**COLLECTED MATERIAL**:
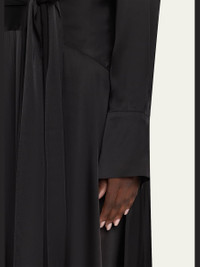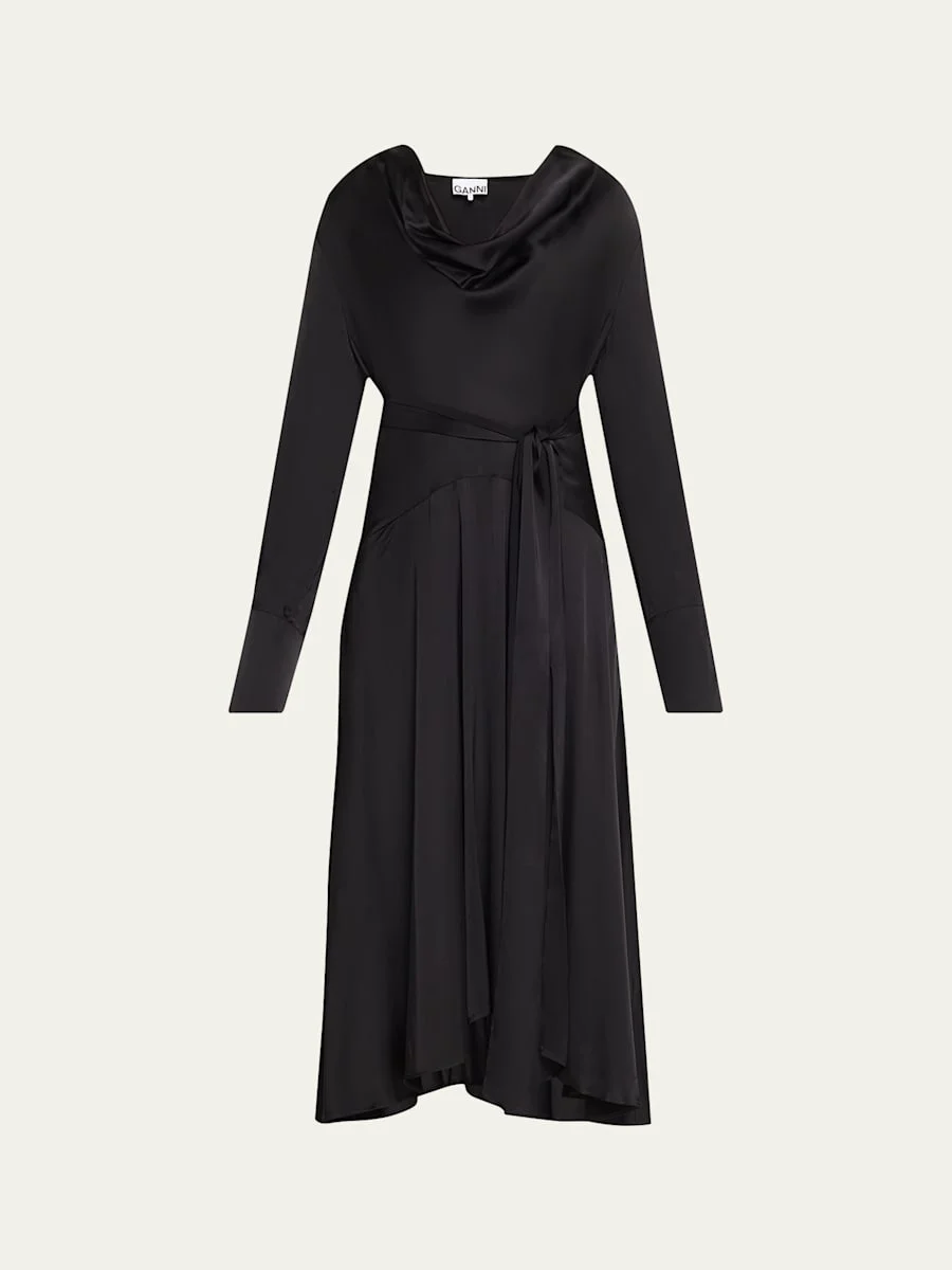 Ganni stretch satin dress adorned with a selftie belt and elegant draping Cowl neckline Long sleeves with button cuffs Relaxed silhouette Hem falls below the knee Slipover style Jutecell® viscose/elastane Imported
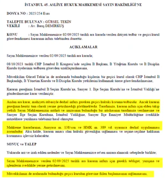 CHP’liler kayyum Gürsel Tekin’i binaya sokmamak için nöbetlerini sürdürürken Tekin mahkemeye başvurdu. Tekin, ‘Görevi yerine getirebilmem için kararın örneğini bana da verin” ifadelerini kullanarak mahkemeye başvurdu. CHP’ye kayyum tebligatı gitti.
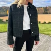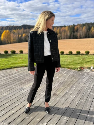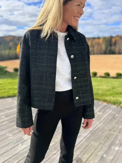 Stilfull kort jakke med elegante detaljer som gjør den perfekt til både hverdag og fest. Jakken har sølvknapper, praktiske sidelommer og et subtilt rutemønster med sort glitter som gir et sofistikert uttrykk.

**EXERCISE AIM**: The preceding listing must be repeated exactly, with all images dropped.

**FINISHED EXERCISE**:
 Ganni stretch satin dress adorned with a selftie belt and elegant draping Cowl neckline Long sleeves with button cuffs Relaxed silhouette Hem falls below the knee Slipover style Jutecell® viscose/elastane Imported
 CHP’liler kayyum Gürsel Tekin’i binaya sokmamak için nöbetlerini sürdürürken Tekin mahkemeye başvurdu. Tekin, ‘Görevi yerine getirebilmem için kararın örneğini bana da verin” ifadelerini kullanarak mahkemeye başvurdu. CHP’ye kayyum tebligatı gitti.
 Stilfull kort jakke med elegante detaljer som gjør den perfekt til både hverdag og fest. Jakken har sølvknapper, praktiske sidelommer og et subtilt rutemønster med sort glitter som gir et sofistikert uttrykk.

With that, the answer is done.